→ MATERIALS PROVIDED
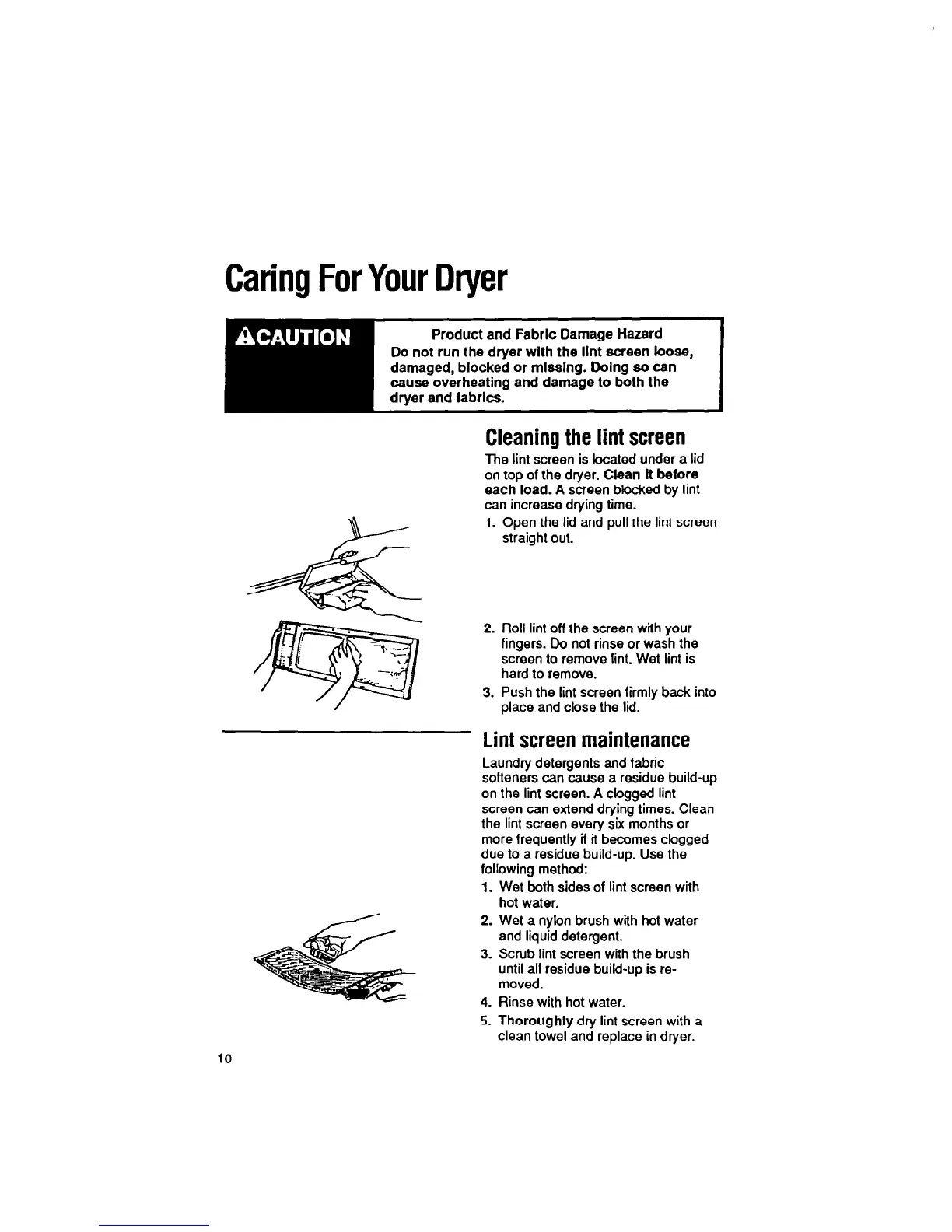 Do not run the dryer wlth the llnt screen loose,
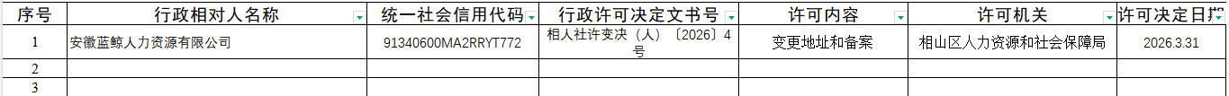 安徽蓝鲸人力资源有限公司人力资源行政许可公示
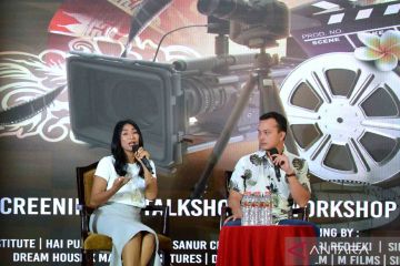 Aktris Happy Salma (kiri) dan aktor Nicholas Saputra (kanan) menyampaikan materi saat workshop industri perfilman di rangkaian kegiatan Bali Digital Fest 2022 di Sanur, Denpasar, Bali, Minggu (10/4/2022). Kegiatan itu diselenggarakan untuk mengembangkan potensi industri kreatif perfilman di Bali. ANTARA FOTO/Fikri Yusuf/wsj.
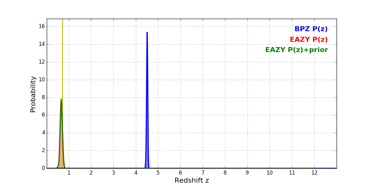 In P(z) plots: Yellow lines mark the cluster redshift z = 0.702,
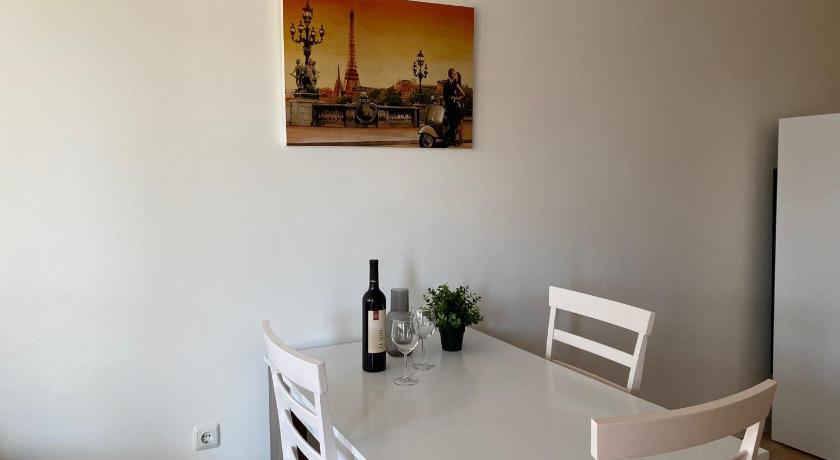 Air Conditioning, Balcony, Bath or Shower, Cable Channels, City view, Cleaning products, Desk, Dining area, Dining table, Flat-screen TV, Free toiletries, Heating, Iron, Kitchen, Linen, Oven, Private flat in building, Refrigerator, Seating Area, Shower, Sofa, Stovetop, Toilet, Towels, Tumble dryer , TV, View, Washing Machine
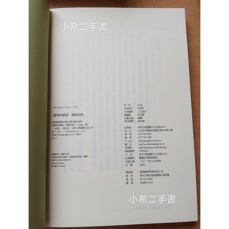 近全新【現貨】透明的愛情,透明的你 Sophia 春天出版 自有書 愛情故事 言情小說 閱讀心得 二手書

* * *

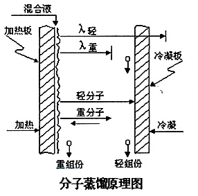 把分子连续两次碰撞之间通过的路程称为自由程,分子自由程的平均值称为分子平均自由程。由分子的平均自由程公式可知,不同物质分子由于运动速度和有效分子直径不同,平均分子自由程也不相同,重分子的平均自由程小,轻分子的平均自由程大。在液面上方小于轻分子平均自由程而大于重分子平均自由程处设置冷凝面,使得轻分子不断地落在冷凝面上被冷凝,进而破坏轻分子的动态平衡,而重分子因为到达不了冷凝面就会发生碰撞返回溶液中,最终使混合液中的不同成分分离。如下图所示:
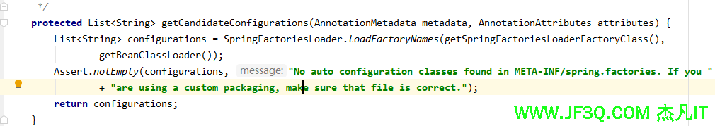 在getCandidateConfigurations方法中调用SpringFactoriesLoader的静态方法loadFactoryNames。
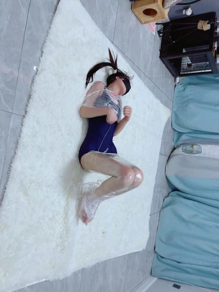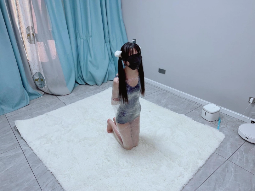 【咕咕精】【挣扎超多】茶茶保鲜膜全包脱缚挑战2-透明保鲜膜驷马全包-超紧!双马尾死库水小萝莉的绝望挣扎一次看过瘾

---

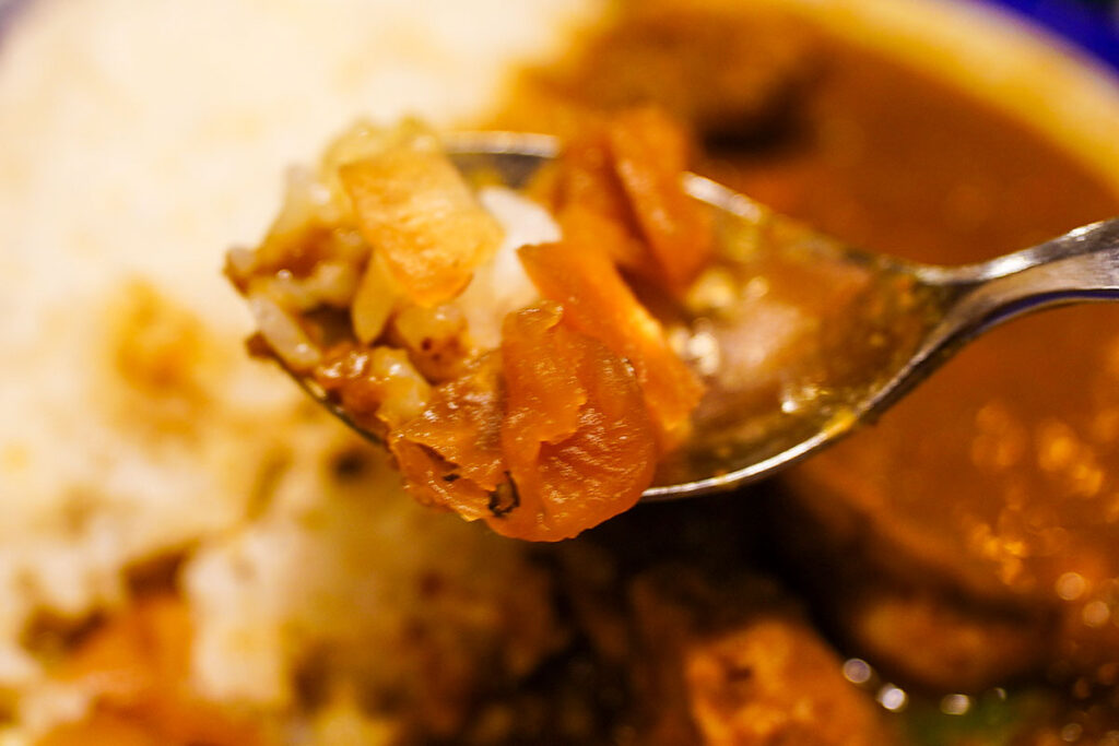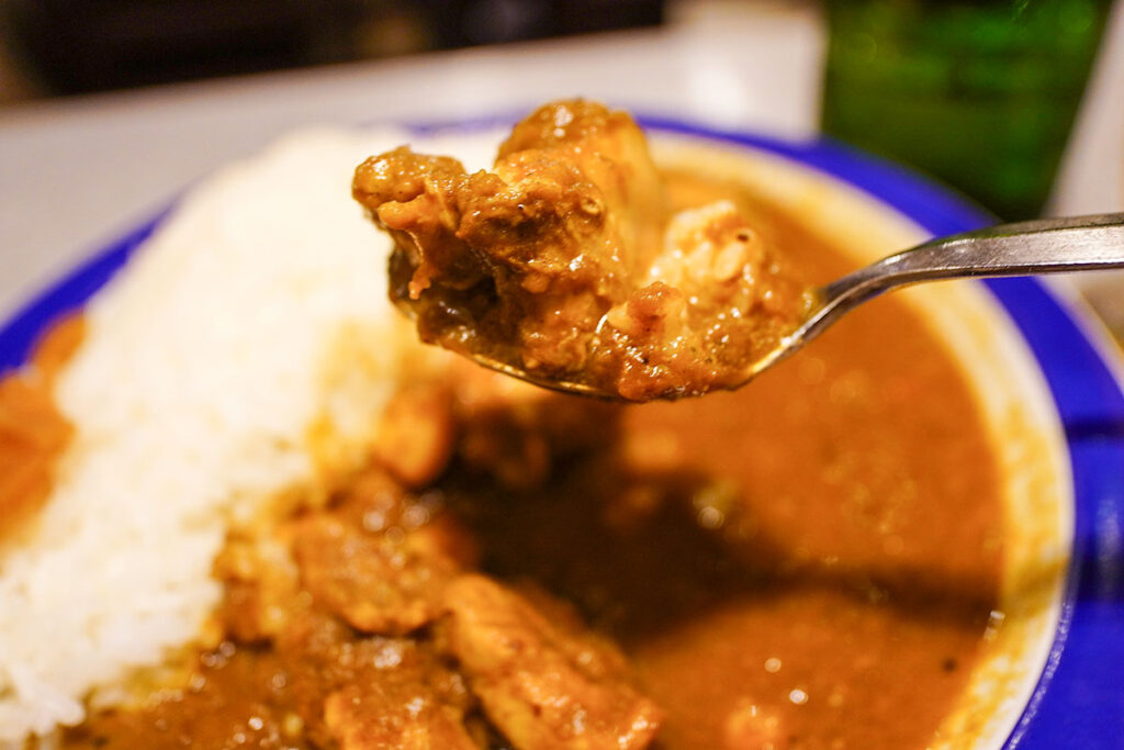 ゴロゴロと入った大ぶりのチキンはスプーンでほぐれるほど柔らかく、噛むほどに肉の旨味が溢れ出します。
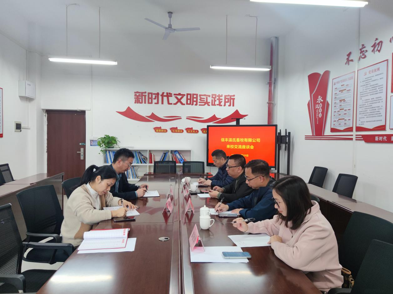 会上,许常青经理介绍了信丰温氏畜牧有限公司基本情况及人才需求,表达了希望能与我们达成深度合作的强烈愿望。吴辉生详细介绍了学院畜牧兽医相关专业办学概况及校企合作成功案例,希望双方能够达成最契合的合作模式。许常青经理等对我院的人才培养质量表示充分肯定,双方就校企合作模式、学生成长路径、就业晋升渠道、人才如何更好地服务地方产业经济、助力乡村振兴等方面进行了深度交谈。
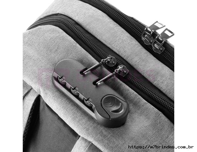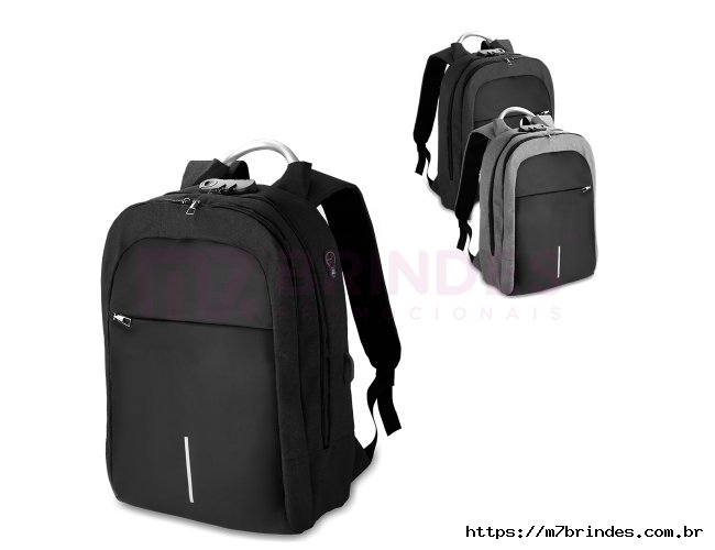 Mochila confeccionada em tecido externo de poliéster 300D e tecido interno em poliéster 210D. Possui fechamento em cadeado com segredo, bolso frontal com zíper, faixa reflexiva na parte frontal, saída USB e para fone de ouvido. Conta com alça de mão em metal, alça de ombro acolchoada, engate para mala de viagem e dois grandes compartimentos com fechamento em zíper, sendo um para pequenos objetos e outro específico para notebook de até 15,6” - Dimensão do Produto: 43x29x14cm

→ ACTIVITY
Only the lines between the one with "Do not run the" and the one with "In P(z) plots: Yellow", those two included, get copied from the material above. Keep it exact and free of pictures.

→ ANSWER SPACE
 Do not run the dryer wlth the llnt screen loose,
 安徽蓝鲸人力资源有限公司人力资源行政许可公示
 Aktris Happy Salma (kiri) dan aktor Nicholas Saputra (kanan) menyampaikan materi saat workshop industri perfilman di rangkaian kegiatan Bali Digital Fest 2022 di Sanur, Denpasar, Bali, Minggu (10/4/2022). Kegiatan itu diselenggarakan untuk mengembangkan potensi industri kreatif perfilman di Bali. ANTARA FOTO/Fikri Yusuf/wsj.
 In P(z) plots: Yellow lines mark the cluster redshift z = 0.702,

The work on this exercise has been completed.